*** Opening STORED DATA ***

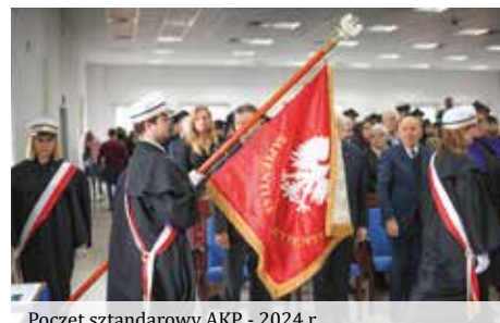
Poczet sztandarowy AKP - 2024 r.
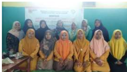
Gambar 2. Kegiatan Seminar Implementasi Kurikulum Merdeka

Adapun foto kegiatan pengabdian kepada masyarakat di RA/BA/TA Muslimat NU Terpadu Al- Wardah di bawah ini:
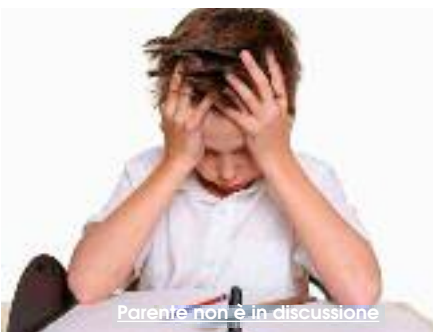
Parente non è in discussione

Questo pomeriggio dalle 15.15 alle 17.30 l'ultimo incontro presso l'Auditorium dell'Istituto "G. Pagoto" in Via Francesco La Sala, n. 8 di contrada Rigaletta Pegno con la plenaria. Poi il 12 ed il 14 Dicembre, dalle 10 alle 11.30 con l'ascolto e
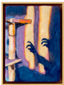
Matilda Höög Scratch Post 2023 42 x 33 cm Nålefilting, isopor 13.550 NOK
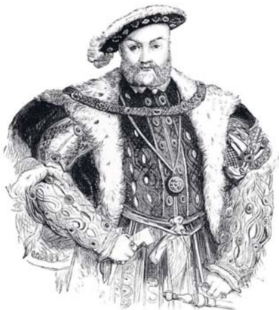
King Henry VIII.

*** Closing STORED DATA ***
*** Opening STORED DATA ***

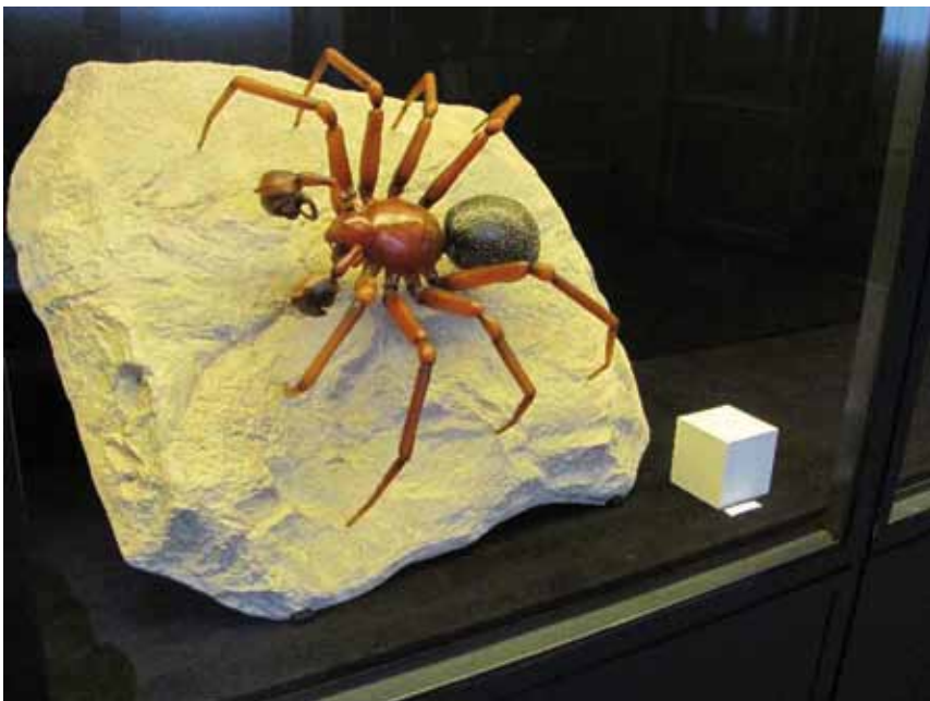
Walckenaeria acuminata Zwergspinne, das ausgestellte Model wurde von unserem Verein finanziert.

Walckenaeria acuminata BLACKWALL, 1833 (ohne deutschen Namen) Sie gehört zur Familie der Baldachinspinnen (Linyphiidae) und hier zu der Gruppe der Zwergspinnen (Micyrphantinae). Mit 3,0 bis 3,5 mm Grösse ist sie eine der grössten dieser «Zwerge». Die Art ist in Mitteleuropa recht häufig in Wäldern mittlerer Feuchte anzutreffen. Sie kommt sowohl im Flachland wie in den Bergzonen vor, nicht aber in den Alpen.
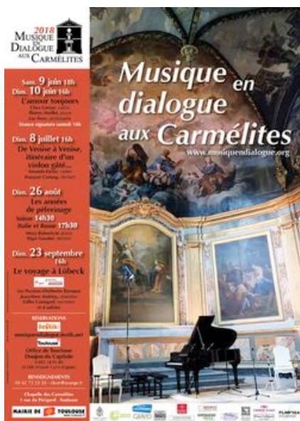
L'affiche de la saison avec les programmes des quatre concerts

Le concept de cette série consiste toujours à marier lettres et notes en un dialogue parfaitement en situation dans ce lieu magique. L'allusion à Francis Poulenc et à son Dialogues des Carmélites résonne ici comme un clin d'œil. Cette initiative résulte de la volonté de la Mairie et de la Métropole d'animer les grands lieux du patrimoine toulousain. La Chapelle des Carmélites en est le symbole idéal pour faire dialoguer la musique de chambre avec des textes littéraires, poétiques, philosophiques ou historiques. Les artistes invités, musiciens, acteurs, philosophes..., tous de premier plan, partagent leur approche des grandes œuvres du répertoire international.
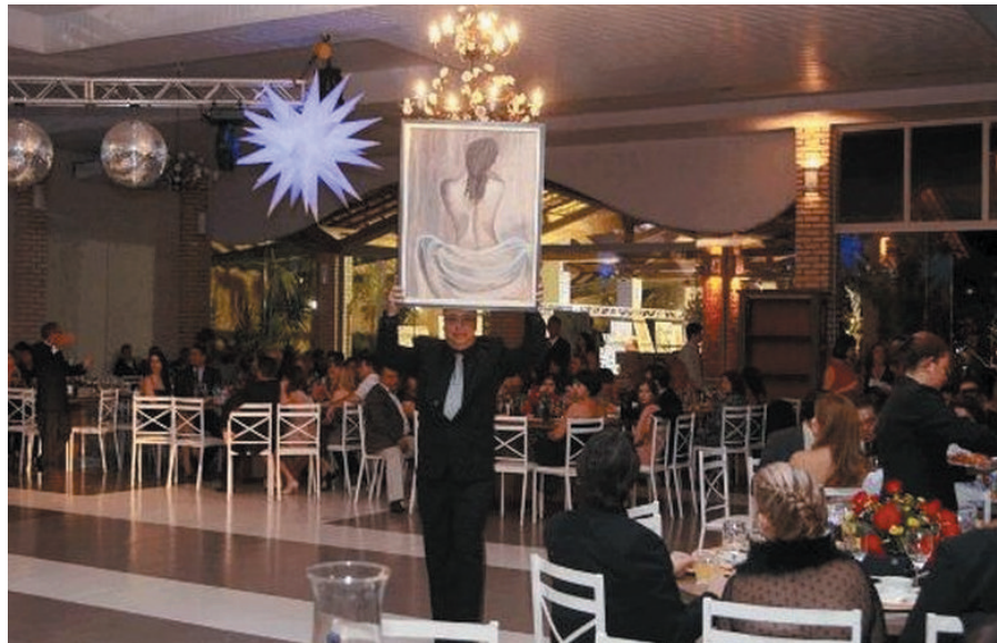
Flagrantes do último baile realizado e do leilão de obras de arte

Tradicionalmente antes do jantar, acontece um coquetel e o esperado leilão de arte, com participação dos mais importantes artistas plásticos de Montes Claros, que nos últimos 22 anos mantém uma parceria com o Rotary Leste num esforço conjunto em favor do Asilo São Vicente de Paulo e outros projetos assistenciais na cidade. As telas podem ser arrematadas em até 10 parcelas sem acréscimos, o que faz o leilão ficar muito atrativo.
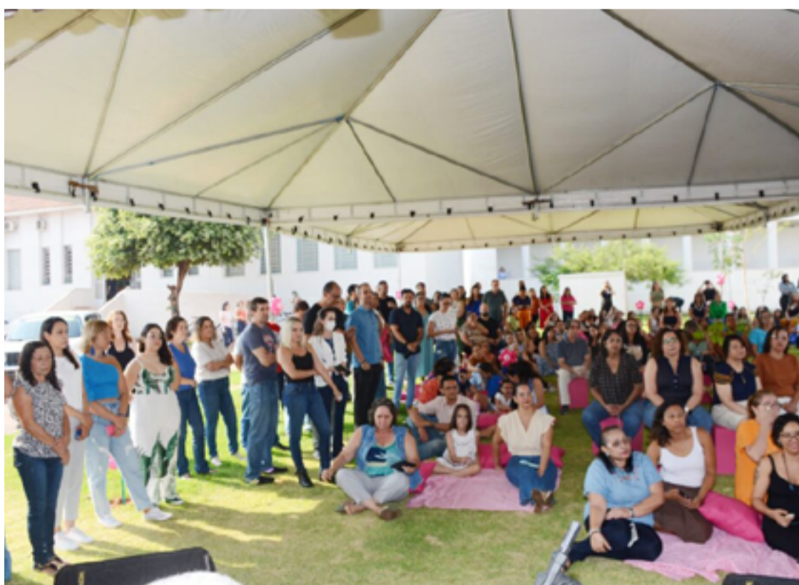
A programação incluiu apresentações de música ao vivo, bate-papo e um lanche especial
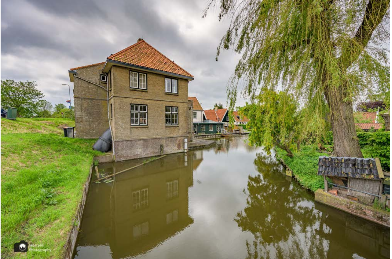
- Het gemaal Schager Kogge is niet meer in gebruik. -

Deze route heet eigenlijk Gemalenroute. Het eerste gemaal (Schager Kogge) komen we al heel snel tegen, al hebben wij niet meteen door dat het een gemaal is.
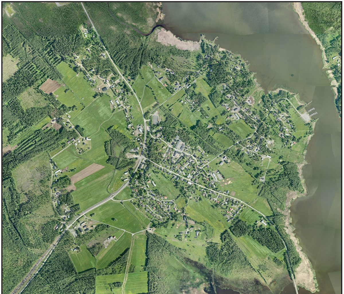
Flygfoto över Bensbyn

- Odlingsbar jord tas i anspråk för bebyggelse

*** Closing STORED DATA ***

> WHAT YOU WILL DO
Spot every line in the entries that includes the word "arte", and copy each one out.

> SOLVED PROBLEM
Flagrantes do último baile realizado e do leilão de obras de arte
Tradicionalmente antes do jantar, acontece um coquetel e o esperado leilão de arte, com participação dos mais importantes artistas plásticos de Montes Claros, que nos últimos 22 anos mantém uma parceria com o Rotary Leste num esforço conjunto em favor do Asilo São Vicente de Paulo e outros projetos assistenciais na cidade. As telas podem ser arrematadas em até 10 parcelas sem acréscimos, o que faz o leilão ficar muito atrativo.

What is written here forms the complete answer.